Volunteering: A peek behind the hospital curtains

November 10, 2015 3:19 pm

The three year old girl with feathery blond hair sits delicately in her pyjamas as she fiddles with her new bracelet, smiling at the sparkly butterfly beads. She shows me her teddies and I go through them one by one, asking their names and telling her about my own childhood toys. I find her some colouring, Frozen themed of course, which goes down very well (I spied the myriad of Frozen posters on the wall). Later on she reaches out and requests that I pass her the sparkly star wand on her bedside table, her tiny hands reaching urgently. When she laughs her hazel eyes light up, and for one fleeting moment, the hospital bed disappears. As do the tubes, the wires, and the plate of congealing food. For a few seconds it’s all gone, and all that remains is a little girl laughing.

In the blink of an eye it all comes rushing back as a nurse bustles in to tend to the patients. I’m not a family member, or a friend, or even a member of staff. I’m a volunteer with a name badge covered in stickers and an oversized t shirt marked with glittery paint, fashioning some bright beaded bracelets for whoever wants to join in. Daisy* has been my first patient, and watching her reaction when she puts it on is what makes me come back every week. She proudly sticks her wrist in the air, waving the bracelet at her hospital companion opposite, a Cheshire cat grin plastered across her face.

When we first entered the ward, Daisy was slumped in bed, apathetic and drained. The change we can make never ceases to make us proud. Just to give a little further insight into my role, I am one part of an enthusiastic four person team who visit the children’s wards at the local hospital every Monday evening with arts and crafts. Our first stop is this children’s cancer unit, followed by the heart ward, and ending with the general patients.

pen pots

Now back to Daisy. My team and I have to stop activities briefly whilst the nurse runs a couple of tests – temperature is taken, oxygen levels are checked (that white finger clip that gives the “ET phone home” red light effect), and a couple of other bits and bobs. Daisy is extremely cooperative, happily showing me how each implement works, in the same way that she had described her toys earlier on. We smile along enthusiastically, impressed but unsurprised at how ordinary this routine has become for her. My colleague quietly asks Daisy’s mum how she does it all, who calmly replied, “You just get on with it. You just do.”

After waving goodbye to Daisy, we all head down the corridor towards the next room, chatting happily about how well our first visit went and briefly updating each other on our weekends.

Nonetheless, as is the way with this occupation, you must take the rough with the smooth. We turn the corner and recognise a patient’s mother walking towards us. She is grey with exhaustion, her arms wrapped around herself in a dressing gown thrown on over her jeans. She manages to give us a small smile of recognition – the previous Monday we spent a great deal of quality time with her toddler Tom* in the play room. We were making spinning tops that week and Tom was overjoyed, laughing every time we spun one for him. His enthusiasm and happiness made us laugh along, and he was simply a little ray of sunshine.

Tom’s mother goes on to inform us that Tom has been taken into intensive care; he has a bloated stomach, some kind of infection and a very high temperature. We listen quietly and sympathise as best we can. This is sadly the heart breaking reality of the hospital, and is also why I sit in the car on the way home each time and realise that my day at the office wasn’t that bad after all.

hospital corridor

As I leave the hospital I am extremely aware that I am walking away from a weekly visit that is some parent’s reality, day after day, week after week. I am proud of what I do, and appreciate that it helps not only the patients but others too – as we provide these arts and crafts it gives their parents a chance to take a few minutes out, and often distracts the visiting siblings as well.

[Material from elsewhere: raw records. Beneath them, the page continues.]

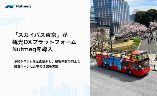 NutmegLabs Japan株式会社(代表取締役:中口 貴志、本社:東京都中央区、以下「当社」)が提供する旅行・レジャーにおける現地体験事業者向けに観光DXプラットフォーム「Nutmeg(ナツメグ)」が、日の丸自動車興業株式会社(代表取締役社長:富田 哲史、本社:東京都文京区)が運行する「スカイバス東京」に導入され、活用が開始されましたことをお知らせいたします。
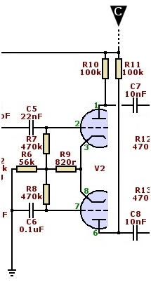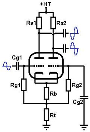 When designing, the same rules apply for the AC coupled version as for the DC coupled version. High mu, high current valves such as the ECC81 (12AT7) and 12AY7 are well suited as they operate well even at low anode voltages, providing lots of output swing for overdriving the power stage, while the ECC83 (12AX7) performs well when less clean headroom and a touch more preamp distortion is desirable. A larger tail resistor improves balance, although too large and it will limit maximum output signal swing and even lead to frequency doubling ('swirl'). Most guitar amps use less than 50k for the tail. To cathode bias, the tail resistor is split and the voltage at that point is tapped off and applied to the grids via grid-leak resistors, in the same way as for the- AC coupled cathode follower."
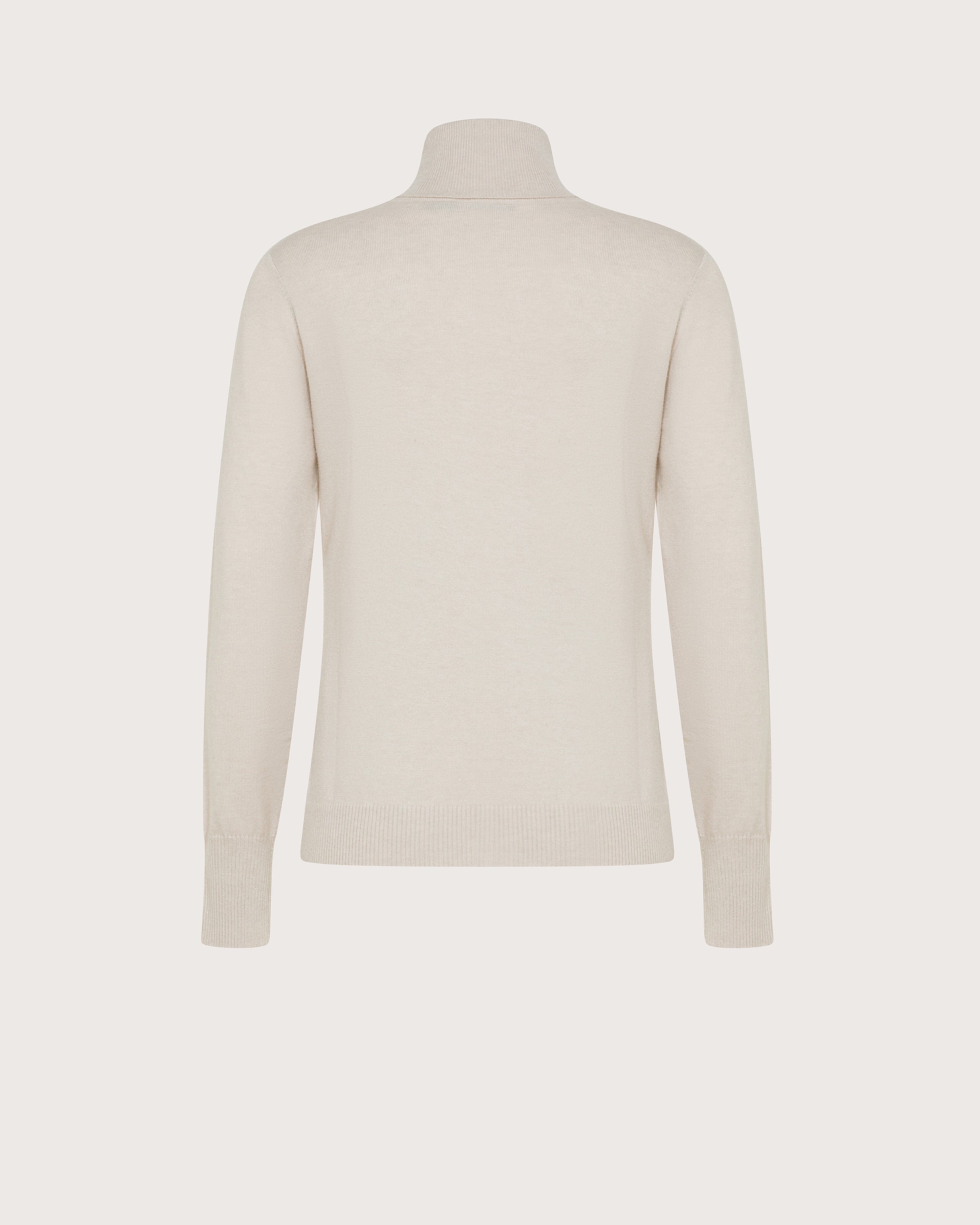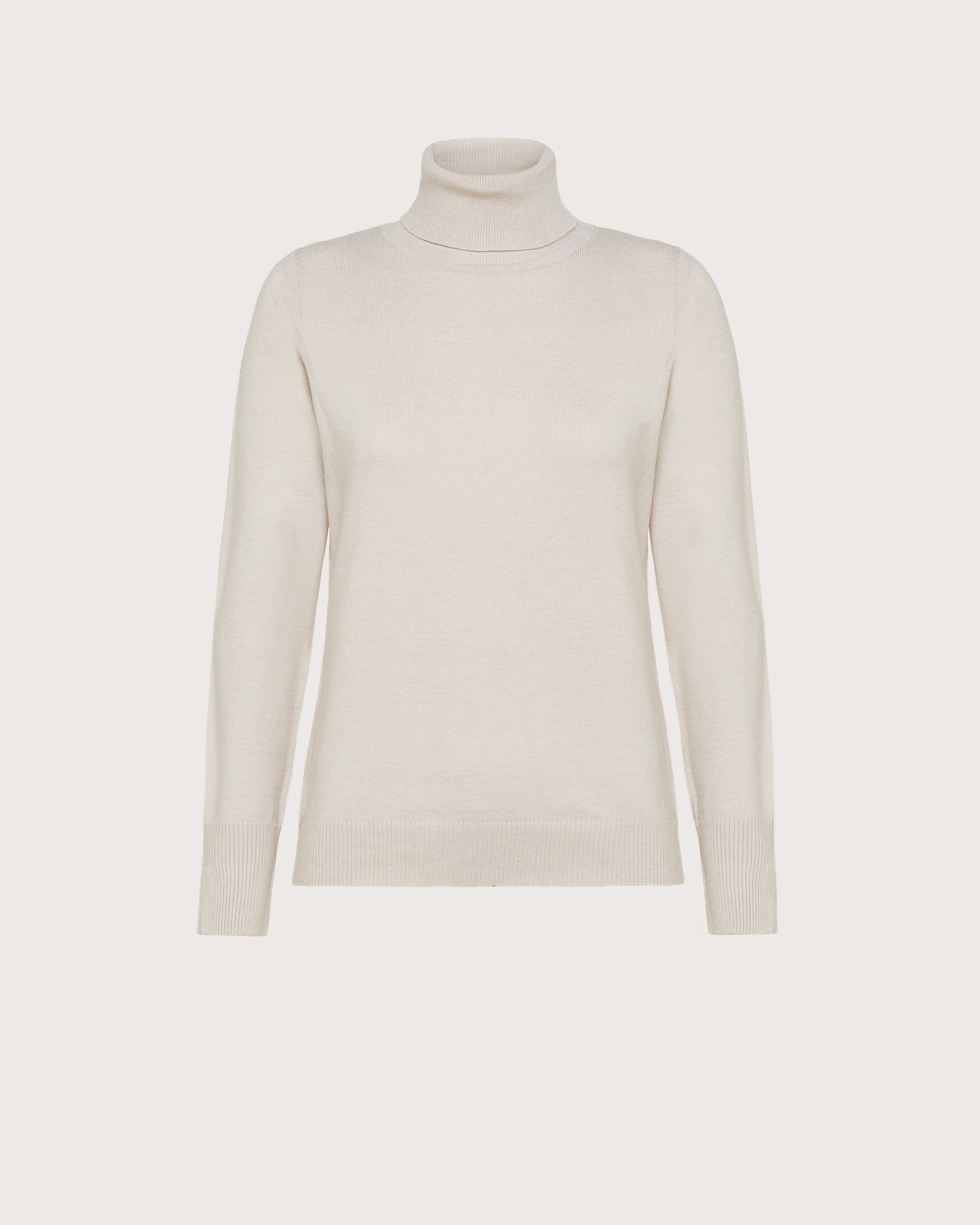 Maglione realizzato in viscosa stretch f.12 a collo alto. Polsini, fondo e collo a costine.

I have learnt that these children are fearless and brave in these unimaginably difficult situations. They sit in their beds surrounded by their sticker charts and ‘get well soon’ cards and I drive away back to normality. They are still there, waiting for doctors’ appointments, scans, checks, tests – relentlessly soldiering on through the medical battlefield. Even if I manage to distract just one child for a few minutes, it’s a job well done.

I leave with a sense of achievement, and a refreshed perspective of what really, genuinely, makes a bad day. Having a lot of emails to answer in the office isn’t a bad day, neither is a rip in your tights or the fact that it’s raining outside. Perspective is something which comes from seeing someone struggling and yet still smiling. It’s the best way to be.